[Saved data entries]

◇ ◇ ◇ ◇ ◇ ◇ ◇

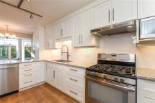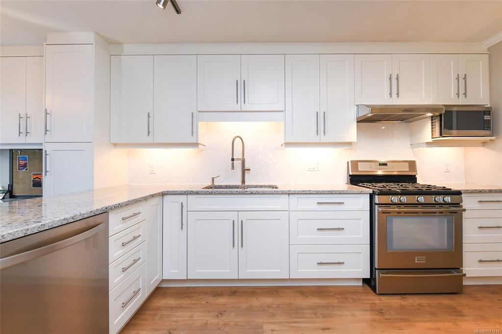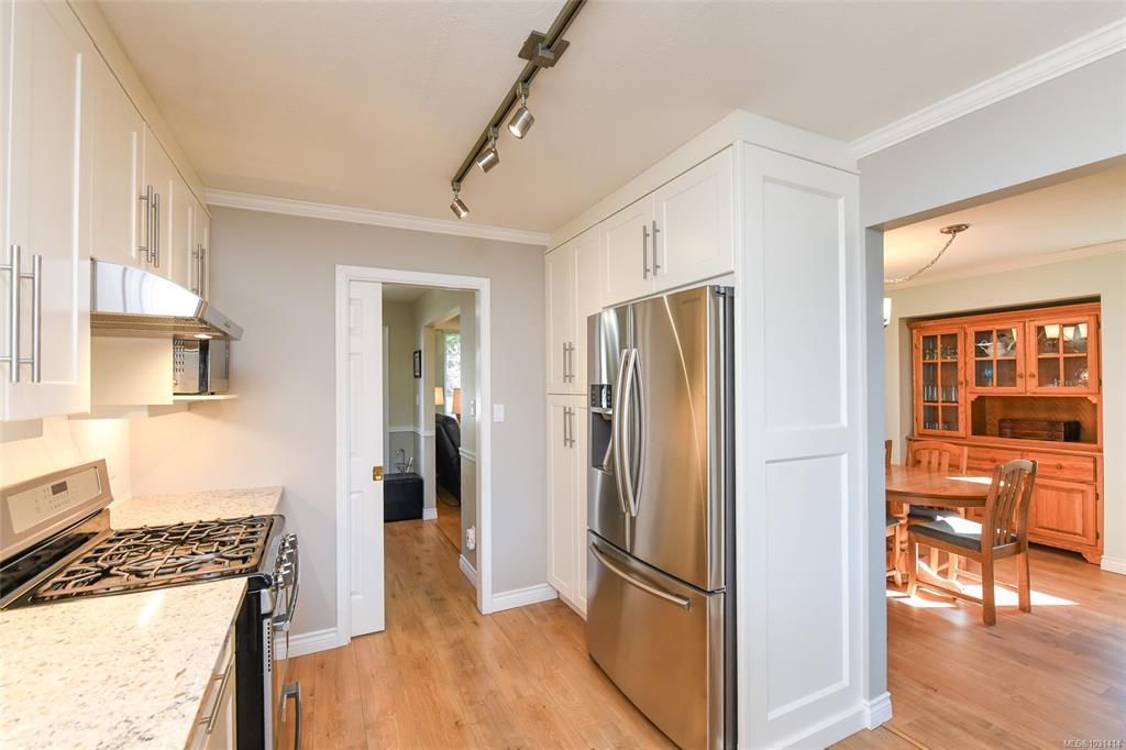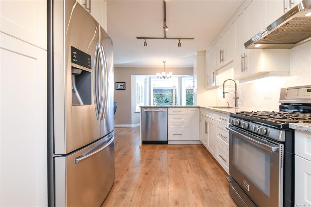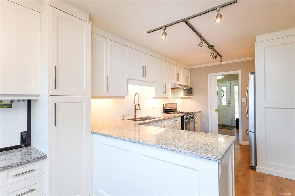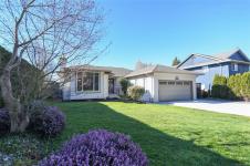 This immaculately cared for 1,734 sqft rancher is perfectly situated in a sought-after location adjacent to a park & within walking distance to shopping, walking trails & downtown Comox. This recently renovated home features a sunny kitchen with crisp white cabinetry, quartz countertops and stainless appliances, including a gas range. A breakfast nook flows into the adjoining family room, where French doors open to a fantastic four-season sunroom with vaulted, wood slat ceilings & opening skylights, professionally built with permits. The fabulous layout offers both a formal living room with a cozy gas fireplace & a separate dining room. The spacious primary bedroom includes a walk-in closet & 4-piece ensuite. Step outside to a private, sunny south-facing backyard complete with a patio & sunshades, perfect for relaxing or hosting. Garden enthusiasts will appreciate the greenhouse, garden shed with power & irrigation system front & back. RV parking! This lovely home is the whole package!
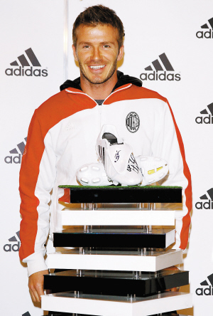 而前天,小贝这个体坛最勤奋的售货员又出现在了米兰的一个运动品专卖店内,依然是酷酷的造型,职业性的微笑,不过这回不卖内裤,改卖足球鞋了,但照样有上千人前来捧场,真不知道,小贝下一步是不是要卖袜子了?
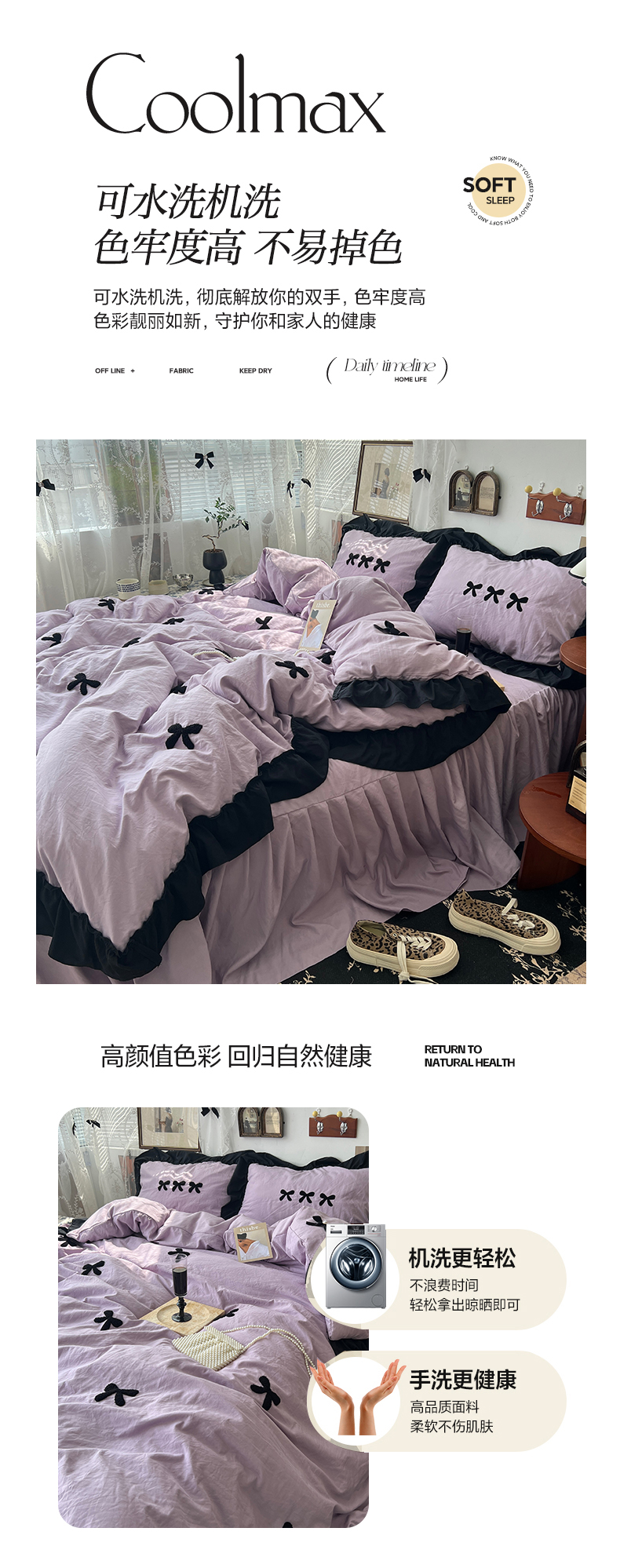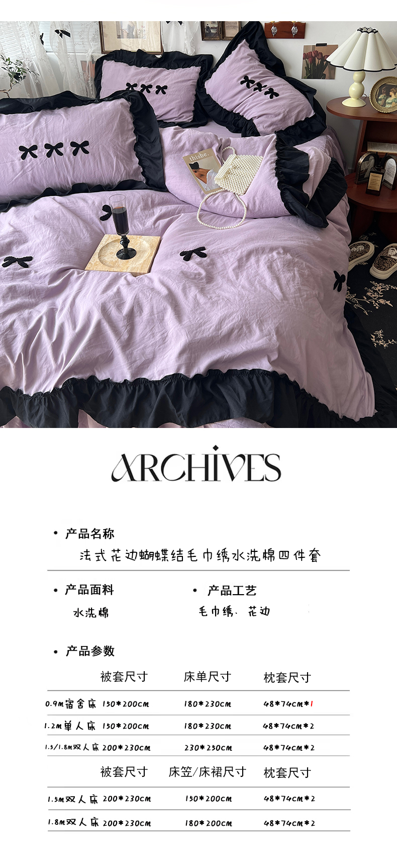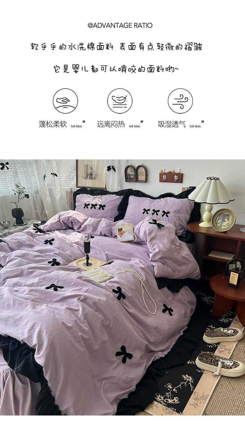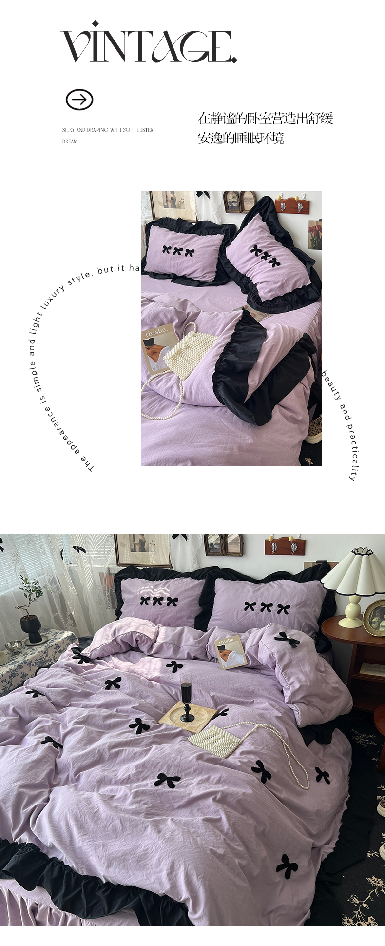 当前位置: 91家纺网 > 商品网购 > 床品套件 > 四件套 > 水洗棉四件套 > 原素 2024新款赫本系列法式花边水洗棉四件套 法式奶紫
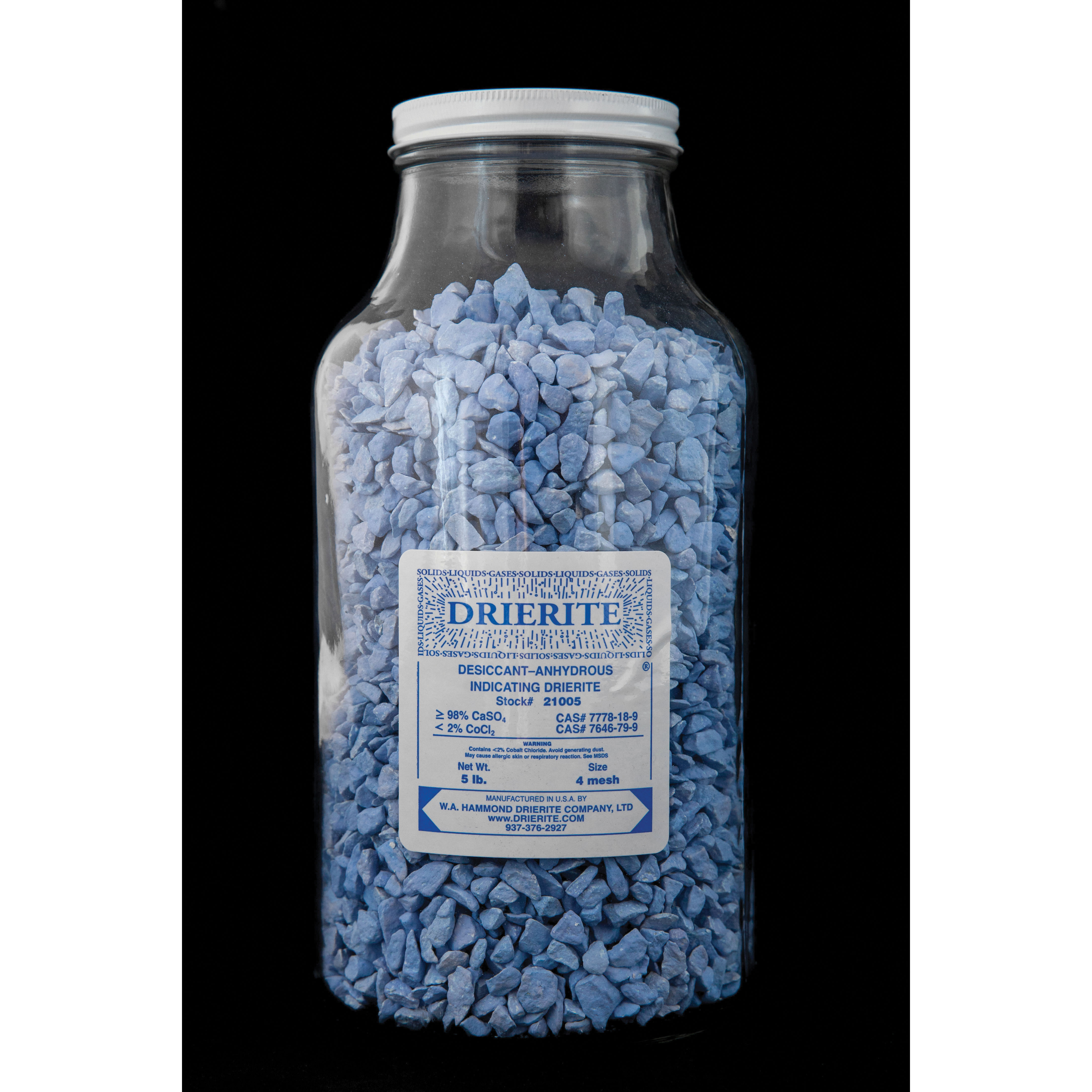 Drierite™ desiccants are made from the naturally occurring mineral, gypsum (calcium sulfate), and are available in several varieties designed to solve all types of drying problems. Drierite™ is an all purpose drying agent for the efficient and rapid drying of air, industrial gases, refrigerants, organic liquids and solids. It is used to maintain a dry atmosphere in storage spaces, vaults, commercial packages, and other enclosures; and for the protection of hygroscopic materials or materials subject to mildew, corrosion, rust, or other deterioration caused by high humidity. Indicating Drierite™ is impregnated with cobalt chloride. Indicating Drierite™ is blue when dry and changes to pink upon absorption of moisture. The color change is pronounced and clearly visible. This makes Indicating Drierite™ valuable when it is necessary to know with certainty that dryness is being maintained and to signal when the drying agent should be replaced. It has the same efficiency as Regular Drierite™, and somewhat greater capacity due to the desiccating effect of the cobalt chloride. It can be regenerated repeatedly for reuse.
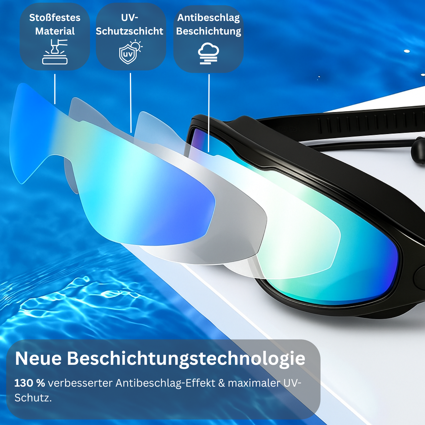 Die UV-Spiegelbeschichtung der Earlox Schwimmbrille schützt Ihre Augen effektiv vor schädlichen Sonnenstrahlen. So bleiben Ihre Augen gesund und Sie können unbesorgt im Freien schwimmen.
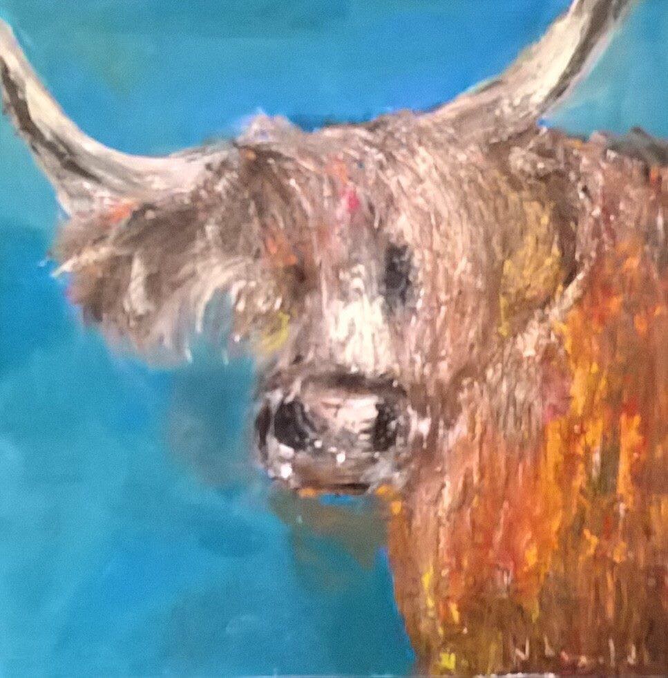' Highland cow' oil paint 90x90cm
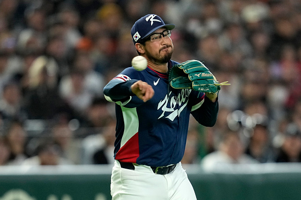 图为2026年3月9日,在2026年世界棒球经典赛C组韩国对阵澳大利亚的比赛中,韩国队33号球员邓宁在第七局接住内野安打后传球。示意图。(Toru Hanai/Getty Images)
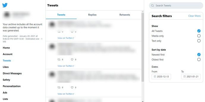 Step #2: Then, you can open the archive file with your browser to find deleted tweets.
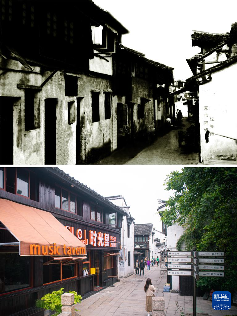 拼版照片:上图为1979年的嘉兴市月河历史街区小猪廊下(资料照片,庞艺影摄);下图为4月26日拍摄的嘉兴市月河历史街区小猪廊下(新华社记者江汉摄)。
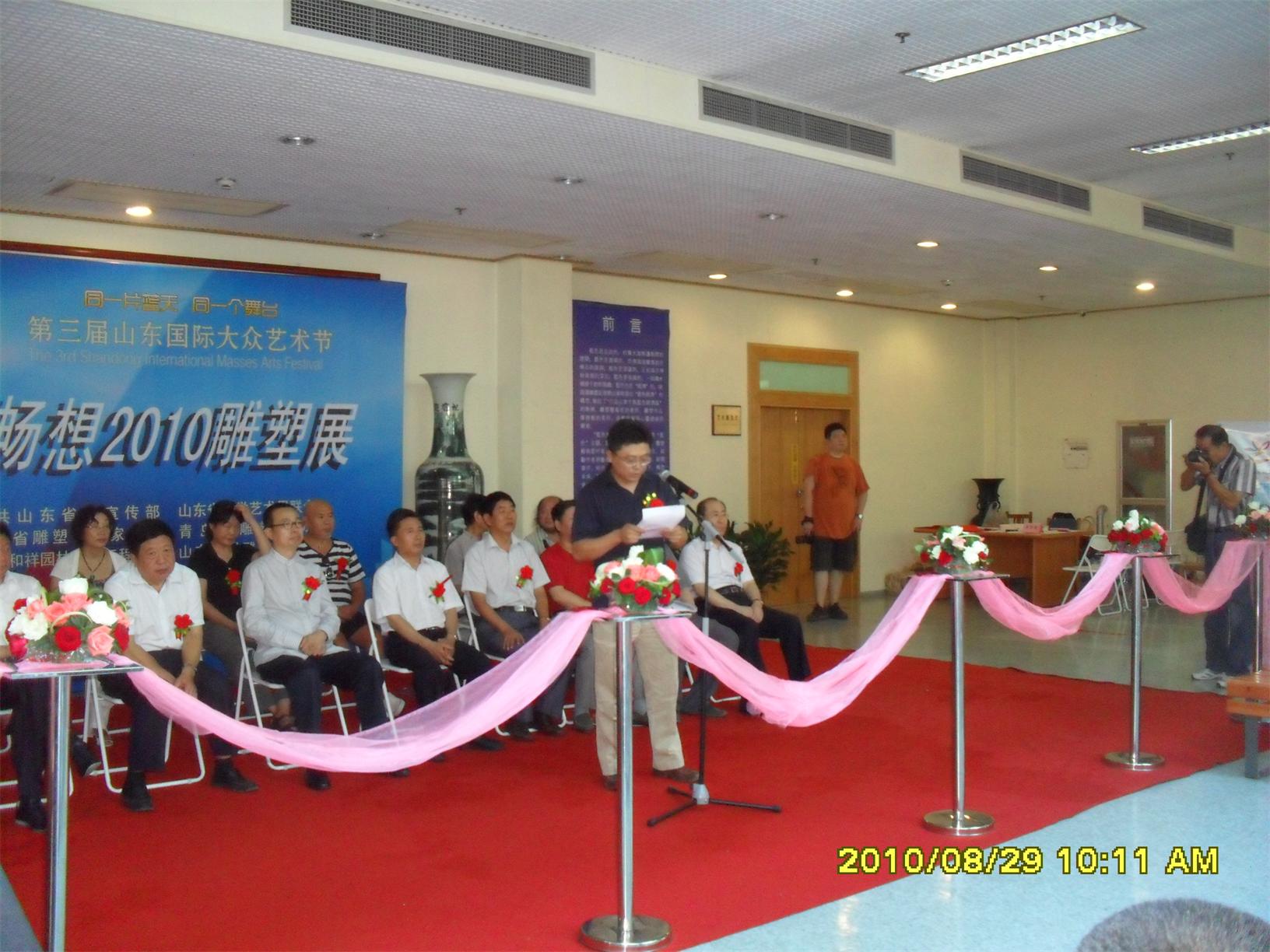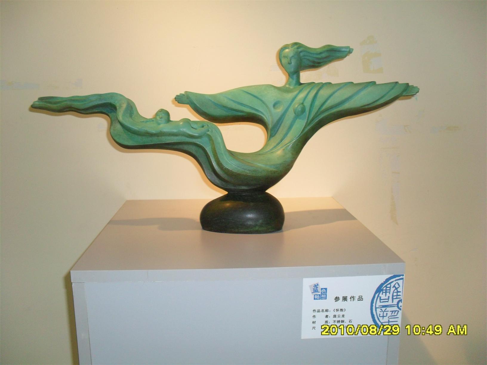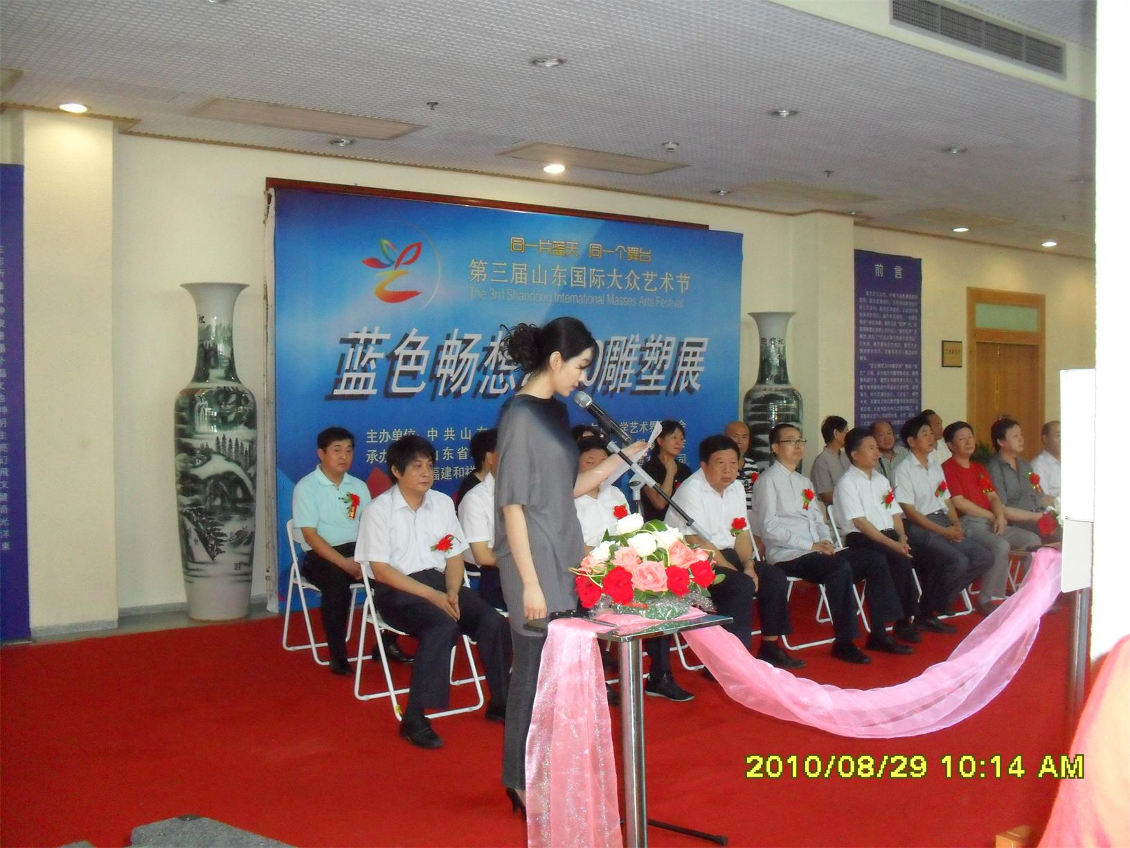 藍(lán)色暢想2010雕塑,2010年8月29日,由中共山東省委宣傳部、山東省文學(xué)藝術(shù)界聯(lián)合會(huì)主辦,山東省雕塑藝術(shù)家協(xié)會(huì)、青島雕塑家協(xié)會(huì)承辦的第三屆山東國(guó)際大眾藝術(shù)節(jié)--藍(lán)色暢想2010雕塑展在山東省圖書館隆重開幕。 "藍(lán)色暢想2010雕塑展"吸引了省內(nèi)外大批中青年雕塑家的參與,展覽共收到101位雕塑藝術(shù)家的126件入圍作品。其中省內(nèi)中青年雕塑藝術(shù)家占絕大多數(shù),圍繞"藍(lán)色"主題,堅(jiān)持創(chuàng)造、創(chuàng)新理念,創(chuàng)作了大批優(yōu)秀的雕塑藝術(shù)作品,語(yǔ)言生動(dòng),內(nèi)容多樣,借助不同材質(zhì)和多元化的藝術(shù)風(fēng)格,對(duì)藍(lán)色精神進(jìn)行了深入的闡釋。李友生的《海風(fēng)倩影》、王未的《藍(lán)色暢想》、譚信國(guó)的《蘋果系列》等作品,均對(duì)雕塑藝術(shù)內(nèi)涵進(jìn)行了深入的探索。
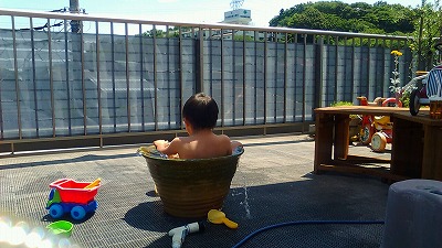 コイツの中では、睡蓮鉢は「浸かるもの」と認識されているに違いない。

◇ ◇ ◇ ◇ ◇ ◇ ◇

_PROBLEM TO WORK ON_: Copy every record exactly, leaving the pictures out.

_RESULT FOR THIS TASK_:
 This immaculately cared for 1,734 sqft rancher is perfectly situated in a sought-after location adjacent to a park & within walking distance to shopping, walking trails & downtown Comox. This recently renovated home features a sunny kitchen with crisp white cabinetry, quartz countertops and stainless appliances, including a gas range. A breakfast nook flows into the adjoining family room, where French doors open to a fantastic four-season sunroom with vaulted, wood slat ceilings & opening skylights, professionally built with permits. The fabulous layout offers both a formal living room with a cozy gas fireplace & a separate dining room. The spacious primary bedroom includes a walk-in closet & 4-piece ensuite. Step outside to a private, sunny south-facing backyard complete with a patio & sunshades, perfect for relaxing or hosting. Garden enthusiasts will appreciate the greenhouse, garden shed with power & irrigation system front & back. RV parking! This lovely home is the whole package!
 而前天,小贝这个体坛最勤奋的售货员又出现在了米兰的一个运动品专卖店内,依然是酷酷的造型,职业性的微笑,不过这回不卖内裤,改卖足球鞋了,但照样有上千人前来捧场,真不知道,小贝下一步是不是要卖袜子了?
 当前位置: 91家纺网 > 商品网购 > 床品套件 > 四件套 > 水洗棉四件套 > 原素 2024新款赫本系列法式花边水洗棉四件套 法式奶紫
 Drierite™ desiccants are made from the naturally occurring mineral, gypsum (calcium sulfate), and are available in several varieties designed to solve all types of drying problems. Drierite™ is an all purpose drying agent for the efficient and rapid drying of air, industrial gases, refrigerants, organic liquids and solids. It is used to maintain a dry atmosphere in storage spaces, vaults, commercial packages, and other enclosures; and for the protection of hygroscopic materials or materials subject to mildew, corrosion, rust, or other deterioration caused by high humidity. Indicating Drierite™ is impregnated with cobalt chloride. Indicating Drierite™ is blue when dry and changes to pink upon absorption of moisture. The color change is pronounced and clearly visible. This makes Indicating Drierite™ valuable when it is necessary to know with certainty that dryness is being maintained and to signal when the drying agent should be replaced. It has the same efficiency as Regular Drierite™, and somewhat greater capacity due to the desiccating effect of the cobalt chloride. It can be regenerated repeatedly for reuse.
 Die UV-Spiegelbeschichtung der Earlox Schwimmbrille schützt Ihre Augen effektiv vor schädlichen Sonnenstrahlen. So bleiben Ihre Augen gesund und Sie können unbesorgt im Freien schwimmen.
' Highland cow' oil paint 90x90cm
 图为2026年3月9日,在2026年世界棒球经典赛C组韩国对阵澳大利亚的比赛中,韩国队33号球员邓宁在第七局接住内野安打后传球。示意图。(Toru Hanai/Getty Images)
 Step #2: Then, you can open the archive file with your browser to find deleted tweets.
 拼版照片:上图为1979年的嘉兴市月河历史街区小猪廊下(资料照片,庞艺影摄);下图为4月26日拍摄的嘉兴市月河历史街区小猪廊下(新华社记者江汉摄)。
 藍(lán)色暢想2010雕塑,2010年8月29日,由中共山東省委宣傳部、山東省文學(xué)藝術(shù)界聯(lián)合會(huì)主辦,山東省雕塑藝術(shù)家協(xié)會(huì)、青島雕塑家協(xié)會(huì)承辦的第三屆山東國(guó)際大眾藝術(shù)節(jié)--藍(lán)色暢想2010雕塑展在山東省圖書館隆重開幕。 "藍(lán)色暢想2010雕塑展"吸引了省內(nèi)外大批中青年雕塑家的參與,展覽共收到101位雕塑藝術(shù)家的126件入圍作品。其中省內(nèi)中青年雕塑藝術(shù)家占絕大多數(shù),圍繞"藍(lán)色"主題,堅(jiān)持創(chuàng)造、創(chuàng)新理念,創(chuàng)作了大批優(yōu)秀的雕塑藝術(shù)作品,語(yǔ)言生動(dòng),內(nèi)容多樣,借助不同材質(zhì)和多元化的藝術(shù)風(fēng)格,對(duì)藍(lán)色精神進(jìn)行了深入的闡釋。李友生的《海風(fēng)倩影》、王未的《藍(lán)色暢想》、譚信國(guó)的《蘋果系列》等作品,均對(duì)雕塑藝術(shù)內(nèi)涵進(jìn)行了深入的探索。
 コイツの中では、睡蓮鉢は「浸かるもの」と認識されているに違いない。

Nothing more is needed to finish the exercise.